A second way is to convert the string text to an array of words, as you have done2:
myArray = text.split
If you don't mind, I'd like to call this:
words = text.split
as I find that more expressive.3
The most direct way to determine the number of times 'candy' appears is to use the method Enumberable#count, like this:
words.count('candy')
You can also use the array difference method, Array#-, as you noted:
words.size - (words - ['candy']).size
If you wish to know the number of times either 'candy' or 'gram' appears, you could of course do the above for each and sum the two counts. Some other ways are:
words.size - (myArray - ['candy', 'gram']).size
words.count { |word| word == 'candy' || word = 'gram' }
words.count { |word| ['candy', 'gram'].include?(word) }
Determine the frequency of all words that appear in the text
Your use of a hash with a default value of zero was a good choice:
def frequency_of_all_words(words)
frequency = Hash.new(0)
words.each { |word| frequency[word] +=1 }
frequency
end
I wrote this as a method to emphasize that words.each... does not return frequency. Often you would see this written more compactly using the method Enumerable#each_with_object, which returns the hash ("object"):
def frequency_of_all_words(words)
words.each_with_object(Hash.new(0)) { |word, h| h[word] +=1 }
end
Once you have the hash frequency you can sort it as you did:
frequency.sort_by {|word, freq| freq }
or
frequency.sort_by(&:last)
which you could write:
frequency.sort_by {|_, freq| freq }
since you aren't using the first block variable. If you wanted the most frequent words first:
frequency.sort_by(&:last).reverse
or
frequency.sort_by {|_, freq| -freq }
All of these will give you an array. If you want to convert it back to a hash (with the largest values first, say):
Hash[frequency.sort_by(&:last).reverse]
or in Ruby 2.0+,
frequency.sort_by(&:last).reverse.to_h
Count the number of times a substring appears
Now let's count the number of times the string 'candy gram' appears. You might think we could use String#scan on the string holding the entire file, as we did earlier4:
text.scan(/\bcandy gram\b/).size
The first problem is that this won't catch 'candy\ngram'; i.e., when the words are separated by a newline character. We could fix that by changing the regex to /\bcandy\sgram\b/. A second problem is that 'candy gram' might have been 'candy. Gram' in the file, in which case you might not want to count it.
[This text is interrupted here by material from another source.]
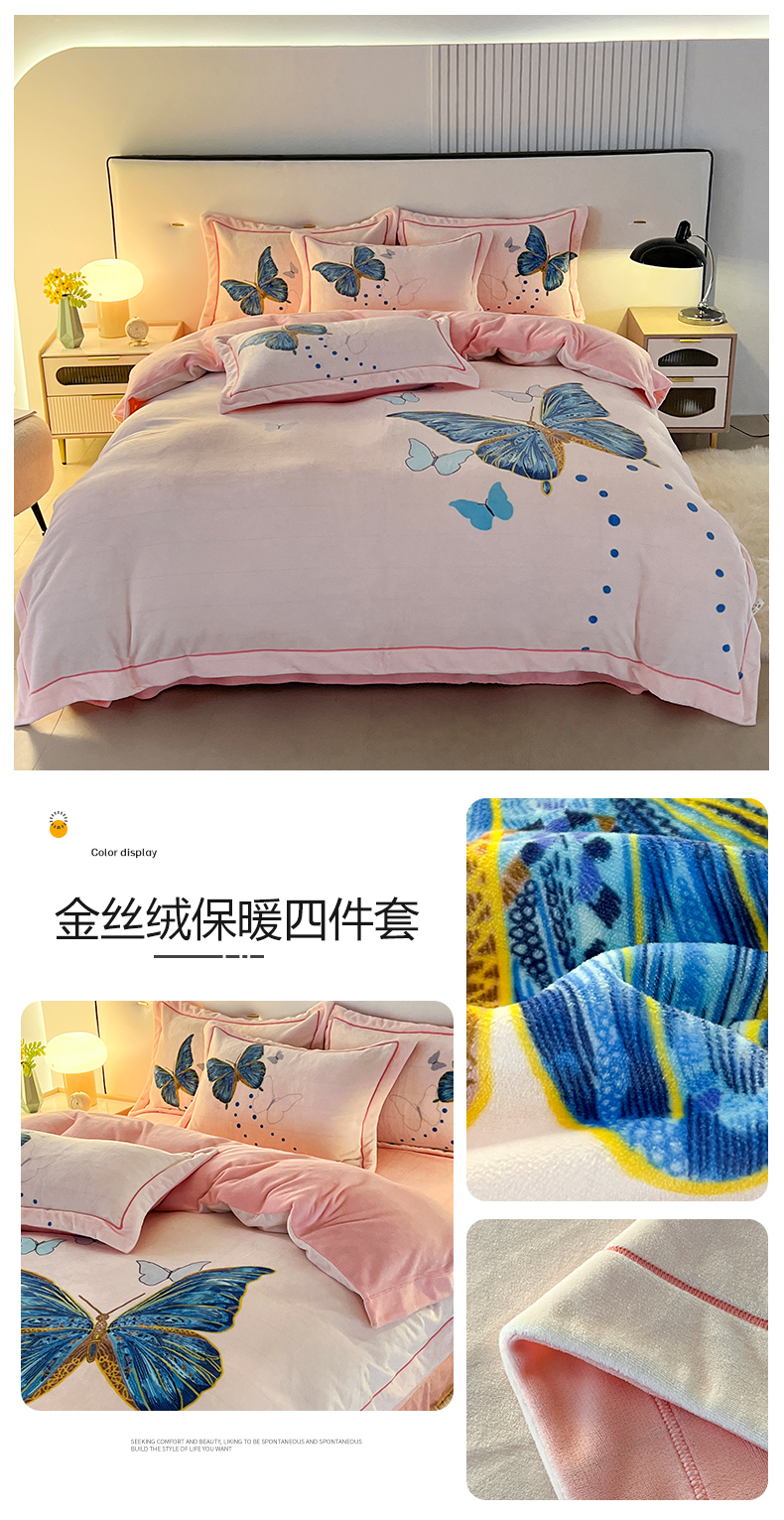 商品名称:富之航家纺 2023新款230克金丝绒四件套 梦蝶-秋樱粉

A better way is to use the method Enumerable#each_cons on the array words. The easiest way to show you how that works is by example:
words = %w{ check for candy gram here candy gram again }
#=> ["check", "for", "candy", "gram", "here", "candy", "gram", "again"]
enum = words.each_cons(2)
#=> #<Enumerator: ["check", "for", "candy", "gram", "here", "candy",
# "gram", "again"]:each_cons(2)>
enum.to_a
#=> [["check", "for"], ["for", "candy"], ["candy", "gram"],
# ["gram", "here"], ["here", "candy"], ["candy", "gram"],
# ["gram", "again"]]
each_cons(2) returns an enumerator; I've converted it to an array to display its contents.
So we can write
words.each_cons(2).map { |word_pair| word_pair.join(' ') }
#=> ["check for", "for candy", "candy gram", "gram here",
# "here candy", "candy gram", "gram again"]
and lastly:
words.each_cons(2).map { |word_pair|
word_pair.join(' ') }.count { |s| s == 'candy gram' }
#=> 2
1 If you also wanted to keep dashes, for hyphenated words, change the regex to /[^-a-z]/ or /[^a-z-]/.
2 Note from String#split that .split is the same as both .split(' ') and .split(/\s+/)).
3 Also, Ruby's naming convention is to use lower-case letters and underscores ("snake-case") for variables and methods, such as my_array.